• _Problem to work on_: Please output, exactly and without pictures, the lines from the opening of the listing below through the line containing "Iti propunem acest", both included.

• _Material provided_:
_ _ _

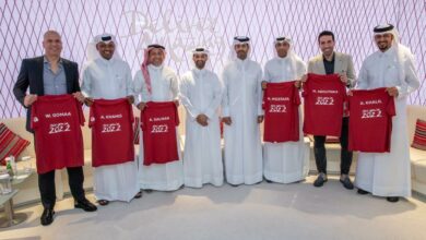 وفي الوسط: أحمد فتحي وجاسم جابر (العربي)، وعبد العزيز حاتم (الريان)، وحسن الهيدوس وعلي أسد ومحمد وعد ومصطفى مشعل (السد)، وخالد محمد (الدحيل).
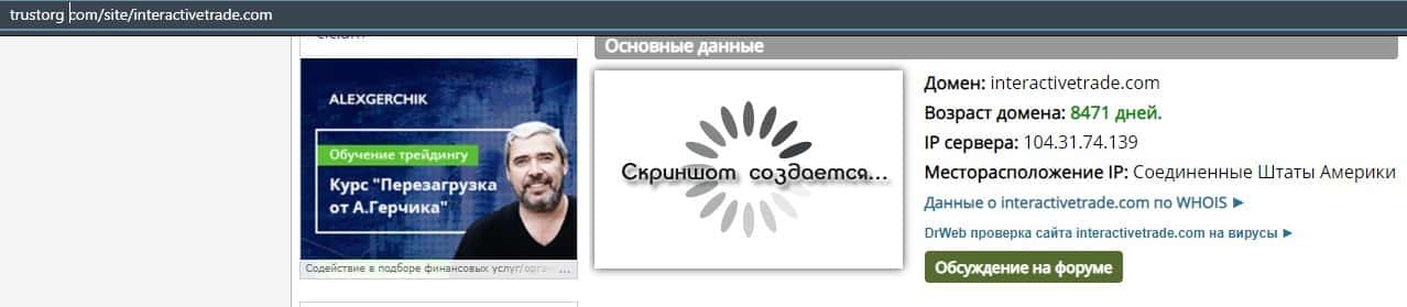 - О возрасте домена мошенников interactivetrade com
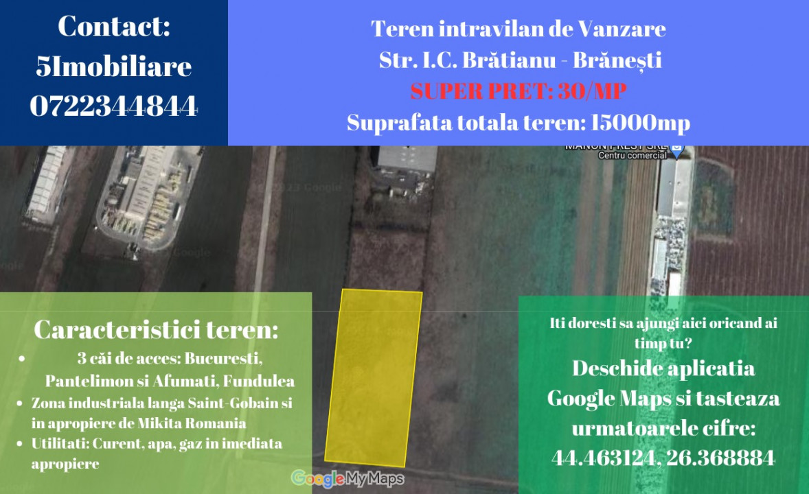 Iti propunem acest teren situat in Branesti cu acces rapid catre Autostrada Bucuresti-Constanta.
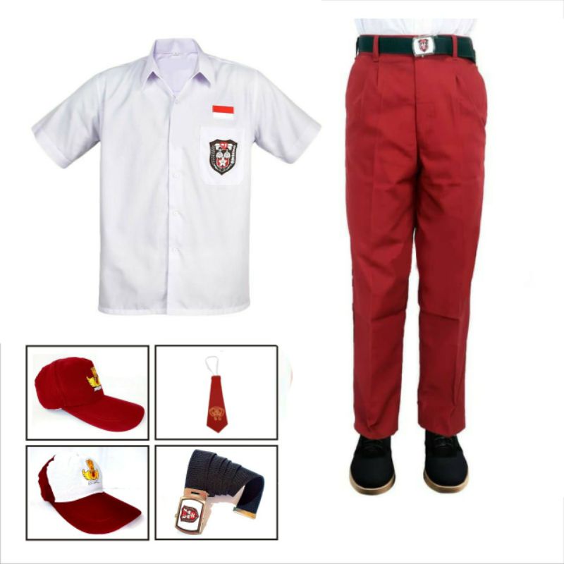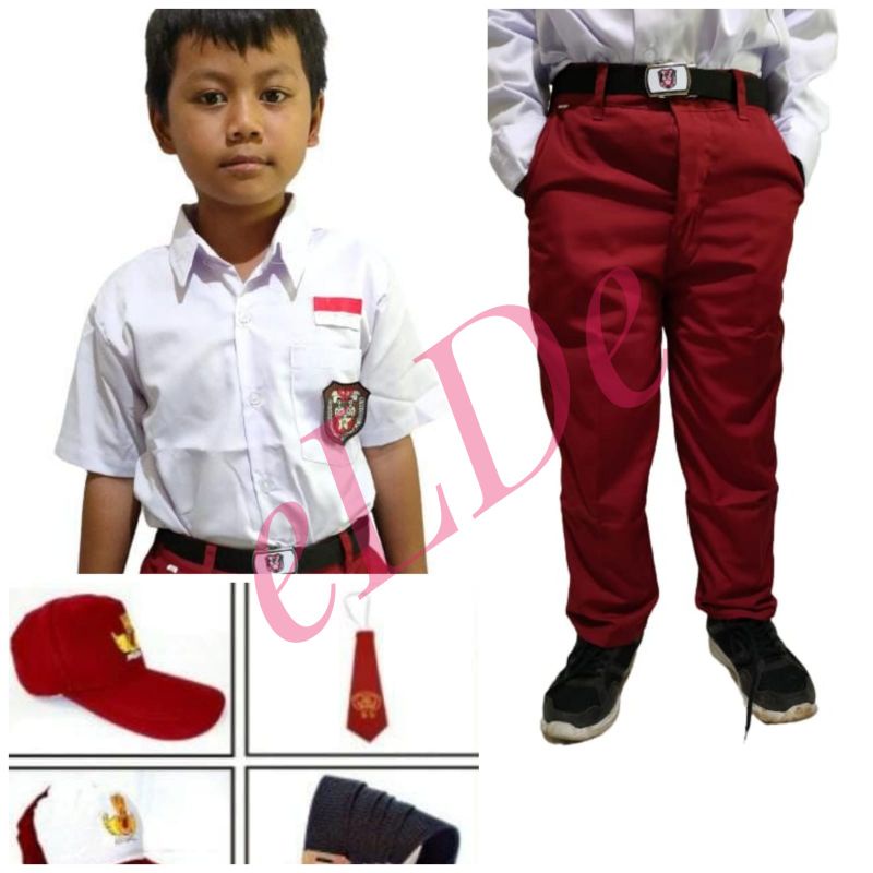 eLDe Setelan Seragam Sekolah SD MI Merah Putih Tangan Pendek Laki Laki

_ _ _

• _Answer section_:
 وفي الوسط: أحمد فتحي وجاسم جابر (العربي)، وعبد العزيز حاتم (الريان)، وحسن الهيدوس وعلي أسد ومحمد وعد ومصطفى مشعل (السد)، وخالد محمد (الدحيل).
 - О возрасте домена мошенников interactivetrade com
 Iti propunem acest teren situat in Branesti cu acces rapid catre Autostrada Bucuresti-Constanta.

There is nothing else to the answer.